A typical BI infrastructure revolves around several databases, maybe one or more data warehouses and data marts, and one or more reporting systems. Within the most basic scenario, the data flow is unidirectional from databases to data warehouse/marts, reports being built on top of the data warehouse/marts or directly on the IS’ databases. In more complex scenarios, the data can flow between the various ISs when they were integrated, and even between data warehouses/marts, within a unidirectional or bidirectional flow.  Unless the reports are based directly on the ISs’ databases, such architectures lead to data duplication, conversions between complex schemas, delays between the various layers, to mention just a few of the most important implications. In some point in time the complexity falls down on you.

One of the problems I met is that a considerable percent of the IS are not developed to address BI requirements. It starts with data validation, with the way data are modeled, structured, formatted and made available for BI consumption. If you want to increase the quality of your data, you have sooner or later to address them. It’s important thus the degree to which the systems are designed to cover the BI needs in particular, and decision making in general. This presumes that BI requirements need to be addressed in early phases of implementations, software design or when tools are consider for purchase.

In addition many ISs come with their own (standard) reports or reporting frameworks, becoming thus part of your BI infrastructure, intended or unintended. Even if such reports are intended to cover basic immediate reporting requirements, they not always so easy to consume, the logic behind them is not visible, are hard to extend, are not always tested, the additional reports built in other tools need to be synchronized with them, etc.

Partners

We gather huge volumes of data, we are drowning in it; we want to take decision rooted in data and get visibility into the past, actual and future state of business. How can we achieve that if we don’t have the knowledge and human resources to achieve that? “Partners” is the magic word – external suppliers specialized, in theory, to provide this kind of services: BI analysts and developers, business analysts, data miners, and other IT professionals work together in order to build your BI infrastructure. One detail many people forget is that BI tools provide potentiality; are the skills and knowledge of those working with them that transforms that potentiality into success. On their capabilities depends the success of such projects. Not to forget that BI projects are similar to other IT projects, falling under same type of fallacies plus a few other fallacies of their own derived from exploratory and complex nature of BI projects.

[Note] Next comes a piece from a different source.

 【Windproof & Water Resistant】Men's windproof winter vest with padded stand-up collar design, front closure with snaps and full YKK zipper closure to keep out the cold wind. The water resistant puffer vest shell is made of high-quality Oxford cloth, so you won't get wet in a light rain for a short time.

There is a dual nature also in “partners” perspective – except the external perspective which concerns the external partners and the IT department or the business as a whole, there is also the internal perspective in which the IT department plays again a central role. I heard it often loudly affirmed that the other departments are customers of the IT department, or the reciprocal. I have seen also this conception brought to extreme, in which the IT had no word to say in what concerns the IT infrastructure in general, respectively the BI infrastructure in particular. As long the IT department isn’t treated as a business partner, an organization will be more likely sabotaged from inside. Sabotage it’s a word too strong maybe, though it kind of reflects the state of art.

People

Same as partners, people perspective includes a considerable variety of types: IT staff, executives, managers, end-users and other types of stakeholders, each of them with a word to say, grouped in various groups of interests that don’t always converge, situations in which politics plays a major role. It’s actually interesting to see how the decision for a given BI solution is made, how the solution takes its place into the landscape, how it’s used and misused, how personalities and knowledge harness it or stand in the way. I feel that there are organizations (people) which do BI just for the sake of doing something, copying sometimes recipes of success, without uniting the dots, without clear goals and strategy. There are people who juggle with numbers and BI concepts without knowing their meaning and what they involve. This aspect is reflected in how BI tools are selected, implemented and used.

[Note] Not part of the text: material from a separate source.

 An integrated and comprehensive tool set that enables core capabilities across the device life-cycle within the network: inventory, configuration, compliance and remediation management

Having the best tools, consultants and highest data quality, won’t guarantee the success of BI initiative without users’ acceptance, without teaching them how to make constructive use of tools and data, on how to use and built models in order to solve the problems the business is confronted with, on how to address strategic, tactical and operational requirements. The transformation from a robot to a knowledge worker doesn’t happen over night. Is needed to make people aware of the various aspects of BI – data quality, process and data ownership, on how models can be used and misused, on how models evolve or become obsolete, how the BI infrastructure has to evolve with the business’ dynamics. There are so many aspects that need to be considered. It’s a continuous learning process.

Processes

In processes' perspective can be depicted a dual nature too. First of all we have to consider the processes which are used to manage efficiently and effectively the whole BI infrastructure. They are widely discussed in various methodologies like ITIL, whose implementation is thoroughly documented. Secondly, it’s the reflection of departmental processes within the various data perspectives – how they are measured, and how the measurements are further used for continuous improvement. 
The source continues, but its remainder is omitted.